7. On the Differentiation of Functions of Two or More Variables  125
        213. Let us consider first a function of only two variables x and y, which
        we will call V . Then its differential will have the form

                                 dV = pdx + qdy.

        If we let the quantity y remain constant, then dy = 0, so that the differential
        of the function V will be pdx. If, on the other hand, we let x remain
        constant, then dx = 0 and only y remains variable, so that the differential
        of V is equal to qdy. The result is that the rule for differentiating a function
        V of two variables x and y is as follows:
          Let only the first quantity x remain variable, while the second quantity y
        is treated as a constant. We take the differential of V , which will be equal
        to pdx. Then we let only the quantity y remain variable, while the other,
        x, is kept as constant and the differential is found, which will be equal to
        qdy. From these results, when we let both x and y be variable we have
        dV = pdx + qdy.
        214. In a similar way, when the function V is of three variables x, y, and
        z, the differential of this function has the form

                              dV = pdx + qdy + rdz.

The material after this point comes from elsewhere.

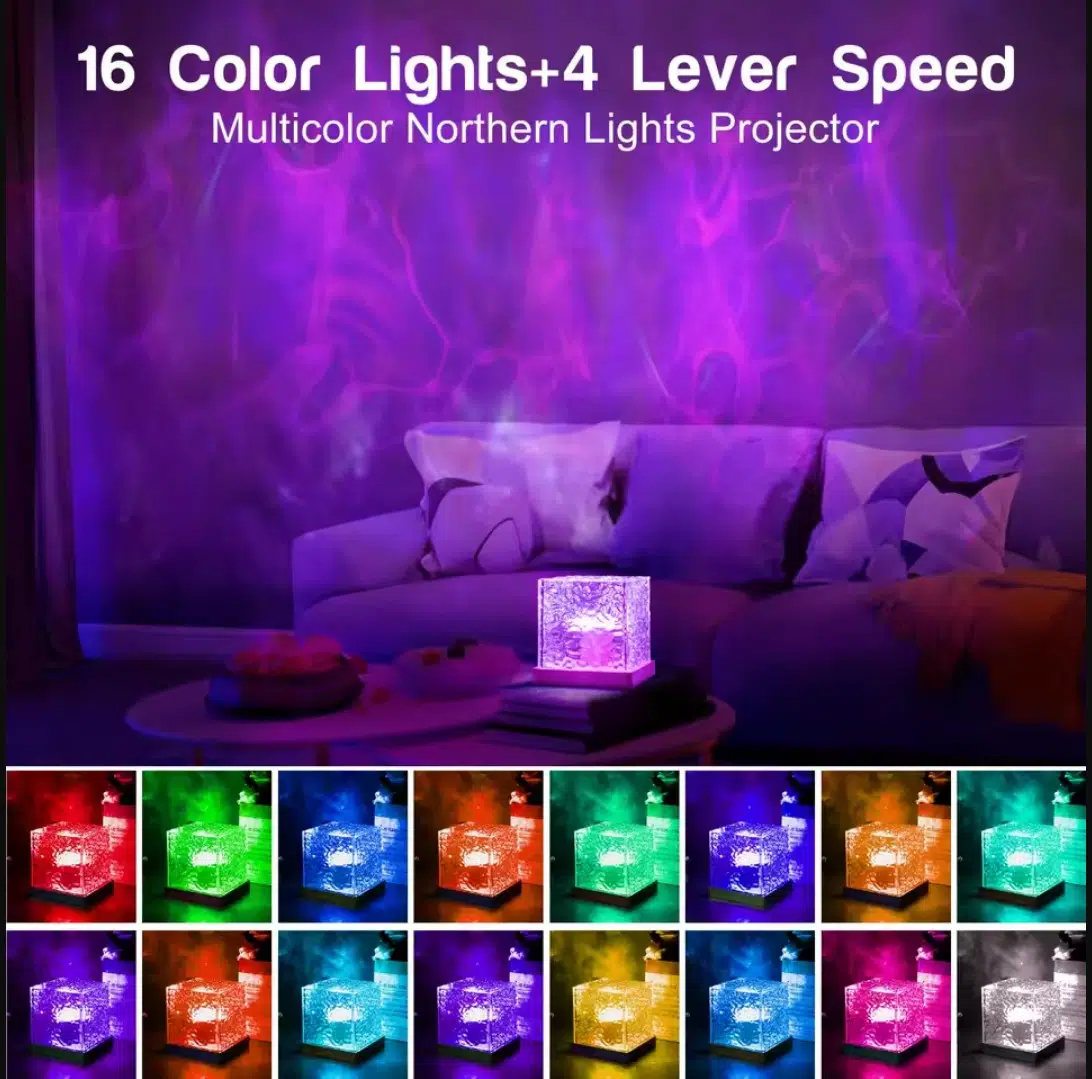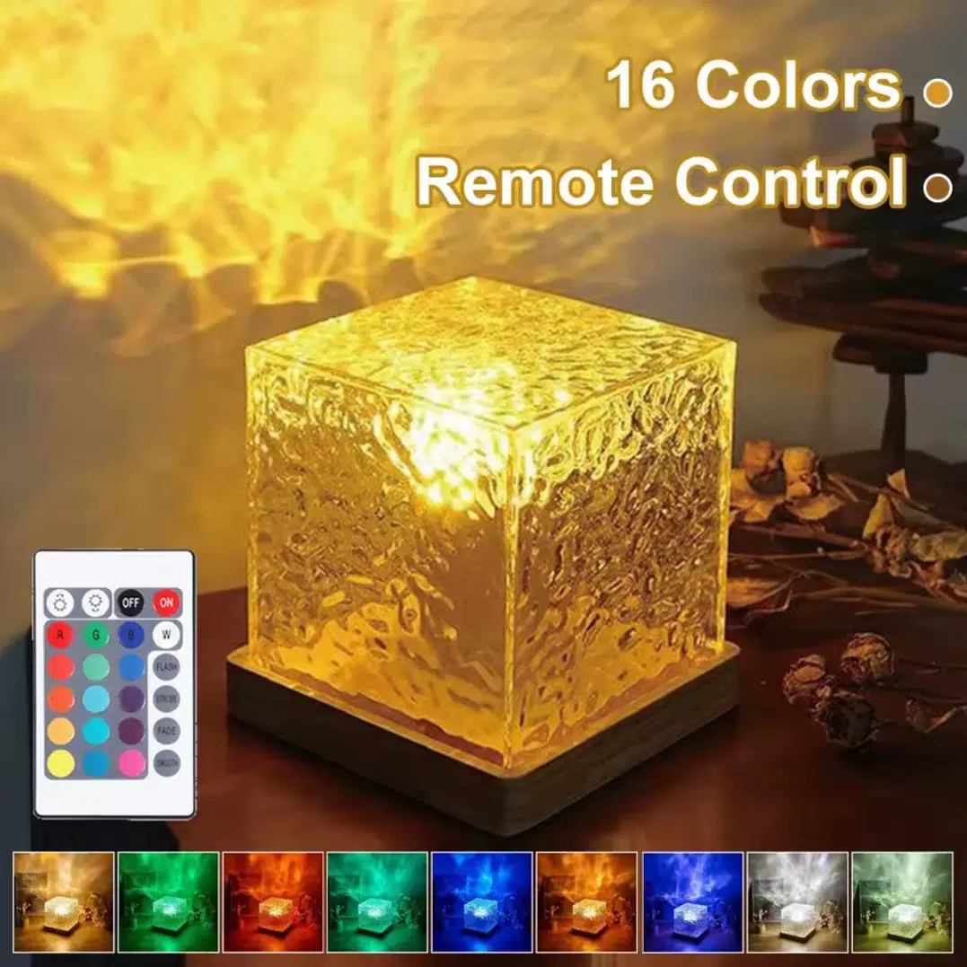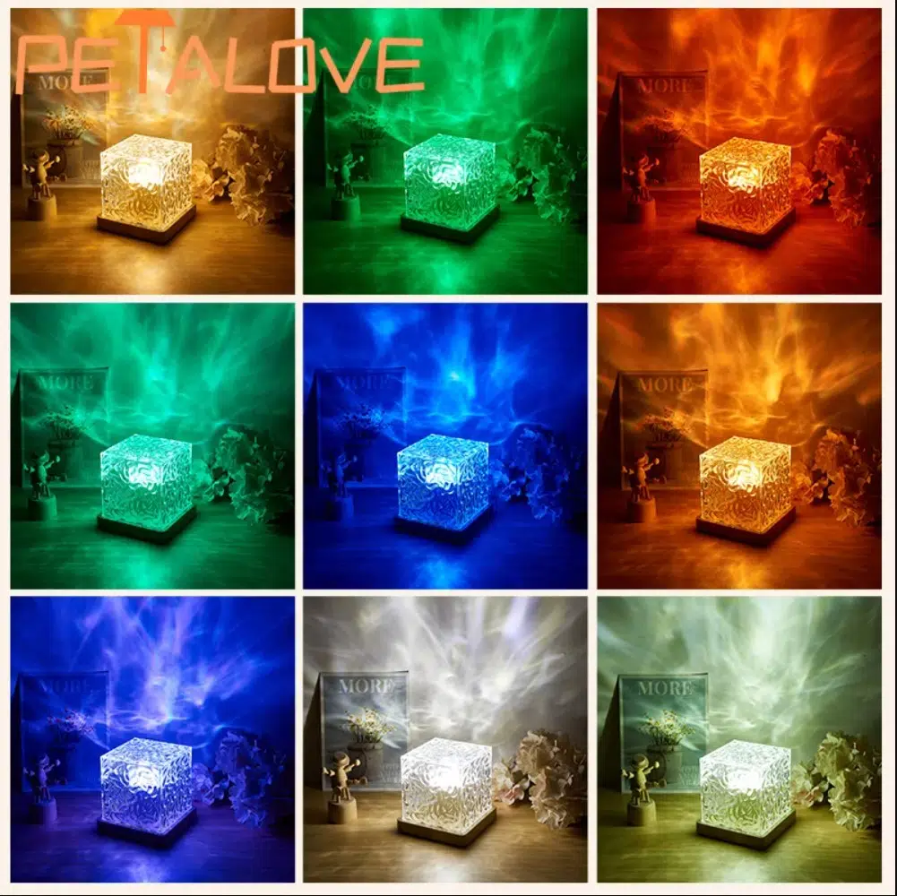 3. 16 renkli kristal lamba:Dönen su dalgalanma küçük gece lambası renkli aydınlatma etkisi altında duvarlarda 3D görsel alev/dinamik desenler atmaktadır. Parıltılı ışıkla birleştirilen zarif görünümü, eşsiz bir çağrışım ve sanatsal bir mizacı ifade ederek, ışık ve gölgenin muhteşem bir görsel şölenini yaratır.

        It is clear that if only the quantity x is kept variable and the remaining y
        and z are kept constant, since dy = 0 and dz = 0, the differential of V will
        be equal to pdx. In a like manner we find the differential of V to be equal
        to qdy when x and z are constant while only y is variable. If x and y are
        treated as constants and only z is variable, we see that the differential of V
        is equal to rdz. Hence, in order to find the differential of a function of three
        or more variables, we consider individually each variable as if it alone were
        variable and then take the differential, considering the other quantities as
        constant. Then we take the sum of each of these differentials found with
        each individual quantity taken as variable. This sum will be the required
        differential of the given function.
        215. In this rule, which we have found for the differentiation of a function
        of however many variables, we have a demonstration of the general rule
        given above (paragraph 170) by means of which any function of one variable
        can be differentiated. If for each term of the function discussed in that
        place the variable is considered to be a different letter and then each term
        is successively differentiated in the way we have just prescribed, as if only
        that were variable, we then collect into one sum each of the differentials
        obtained in this way. This sum will be the desired differential after each
        of the individual letters has its value restored. Hence this rule has wide
        application to functions of several variables, no matter how they may be
        composed. Thus its use in all of differential calculus is quite wide.